» **Material provided**
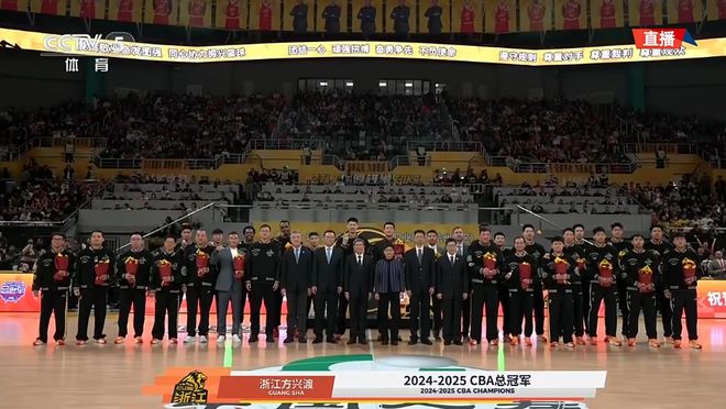赛前,广厦举办上赛季的总冠军颁奖仪式,广厦将帅依次领取属于他们的总冠军戒指,胡金秋还代表因为禁赛无法登场的楼明领取总冠军戒指。
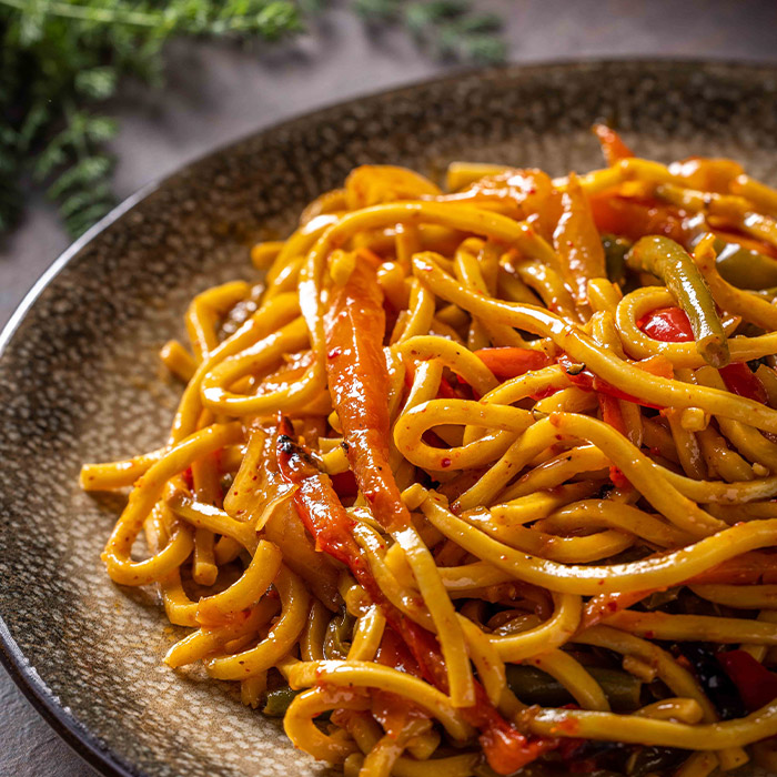 איטריות נודלס ביצים מוקפצות ברוטב צ’ילי מתוק עם שעועית ירוקה שלמה, תירס גמדי ובצל.
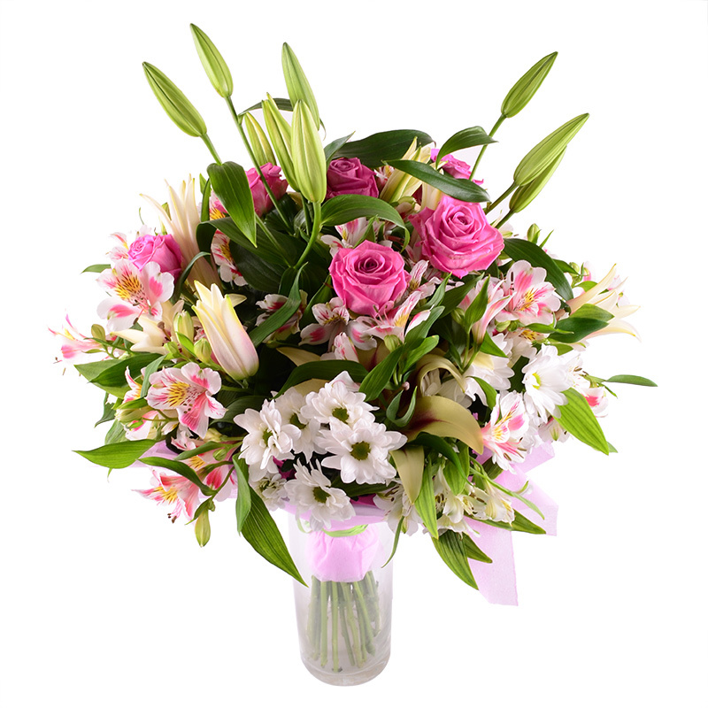 Состав: Альстромерия розовая (10 шт.), Лилия белая (3 шт.), Роза розовая (7 шт.), Хризантема ромашковая белая (5 шт.), Лента (1 шт.), Упаковка (1 шт.).
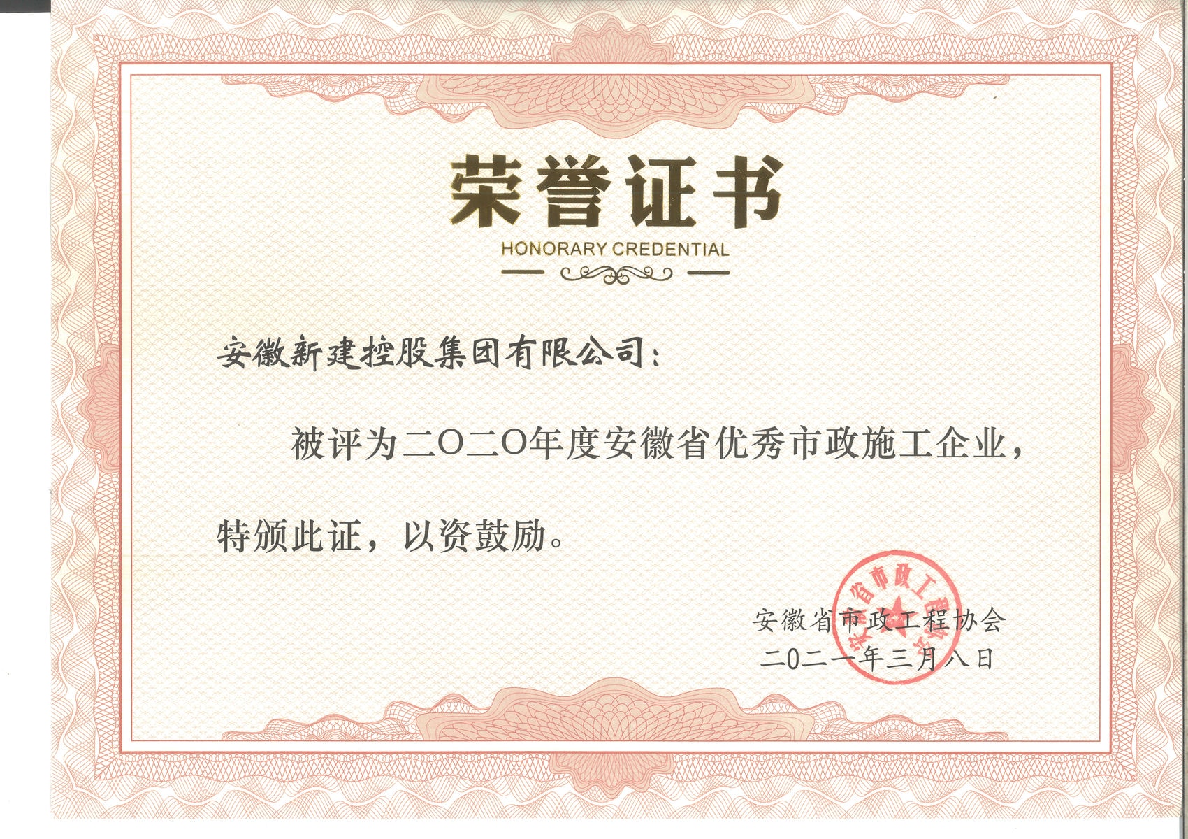 必威betway荣获2020年度“安徽省优秀市政施工企业”荣誉称号。
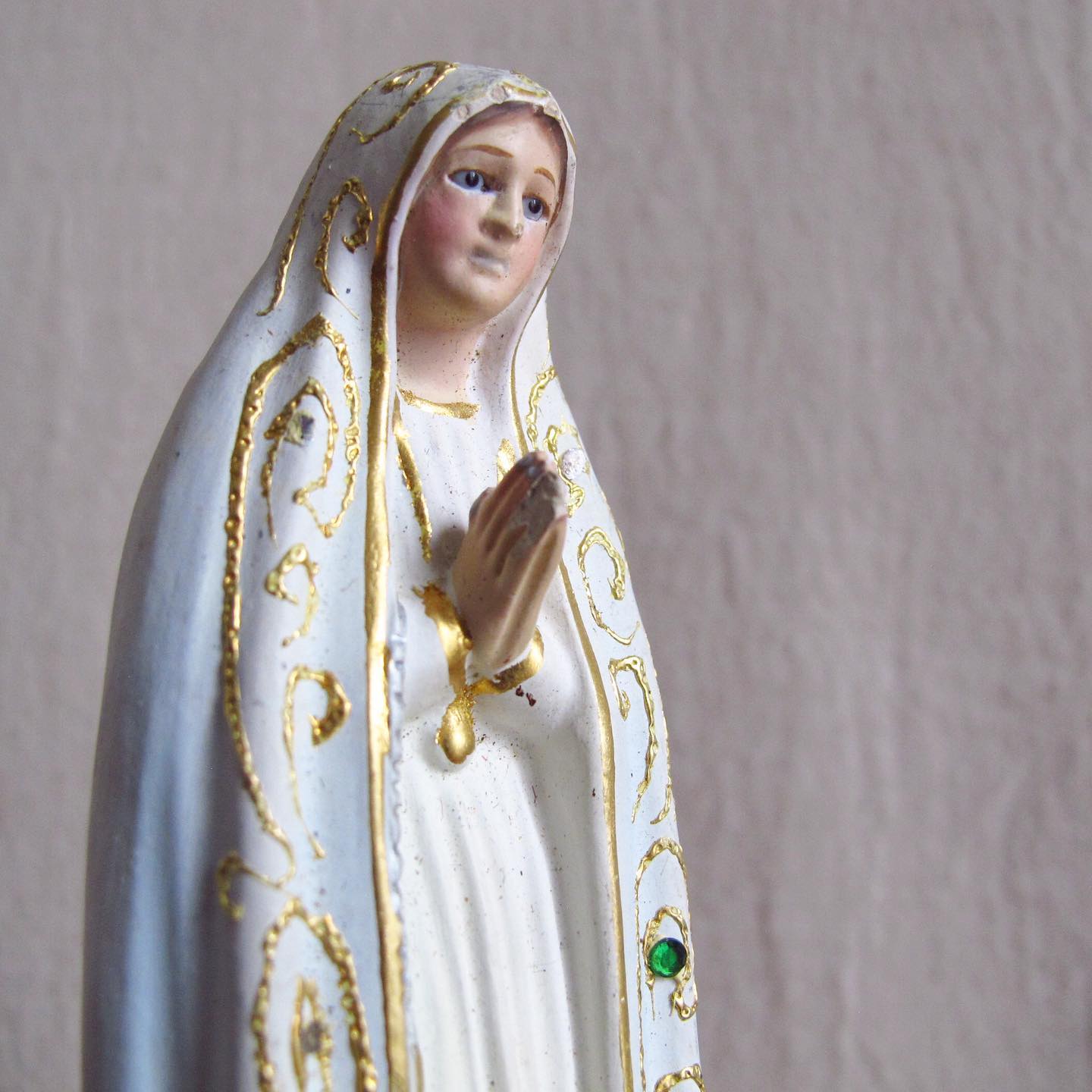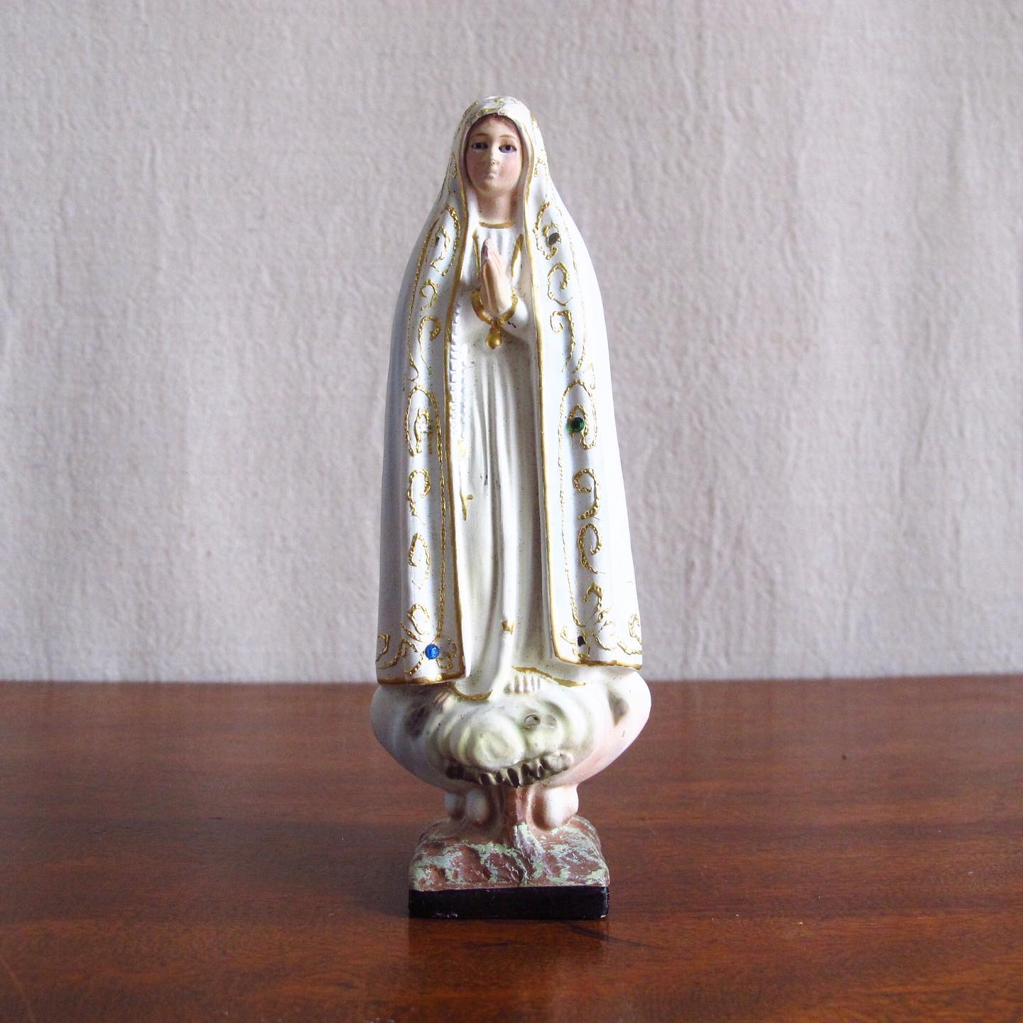 Chalkware or Chalk Madonna with inset glass eyes and scattered jewels, c. 1920
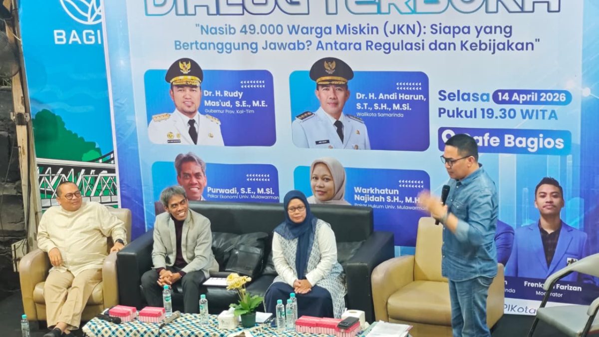 Diskusi bertajuk “Nasib 49.742 Warga Miskin JKN: Siapa yang Bertanggung Jawab? Antara Regulasi dan Kebijakan” digelar pada Selasa (14/4/2026). Forum tersebut menjadi sarana untuk mengurai polemik pengalihan kepesertaan dari Pemerintah Provinsi Kalimantan Timur ke pemerintah kota.

» **Work item**
For this exercise, write the listing out again exactly, excluding all images.

» **Response to this exercise**
赛前,广厦举办上赛季的总冠军颁奖仪式,广厦将帅依次领取属于他们的总冠军戒指,胡金秋还代表因为禁赛无法登场的楼明领取总冠军戒指。
 איטריות נודלס ביצים מוקפצות ברוטב צ’ילי מתוק עם שעועית ירוקה שלמה, תירס גמדי ובצל.
 Состав: Альстромерия розовая (10 шт.), Лилия белая (3 шт.), Роза розовая (7 шт.), Хризантема ромашковая белая (5 шт.), Лента (1 шт.), Упаковка (1 шт.).
 必威betway荣获2020年度“安徽省优秀市政施工企业”荣誉称号。
 Chalkware or Chalk Madonna with inset glass eyes and scattered jewels, c. 1920
 Diskusi bertajuk “Nasib 49.742 Warga Miskin JKN: Siapa yang Bertanggung Jawab? Antara Regulasi dan Kebijakan” digelar pada Selasa (14/4/2026). Forum tersebut menjadi sarana untuk mengurai polemik pengalihan kepesertaan dari Pemerintah Provinsi Kalimantan Timur ke pemerintah kota.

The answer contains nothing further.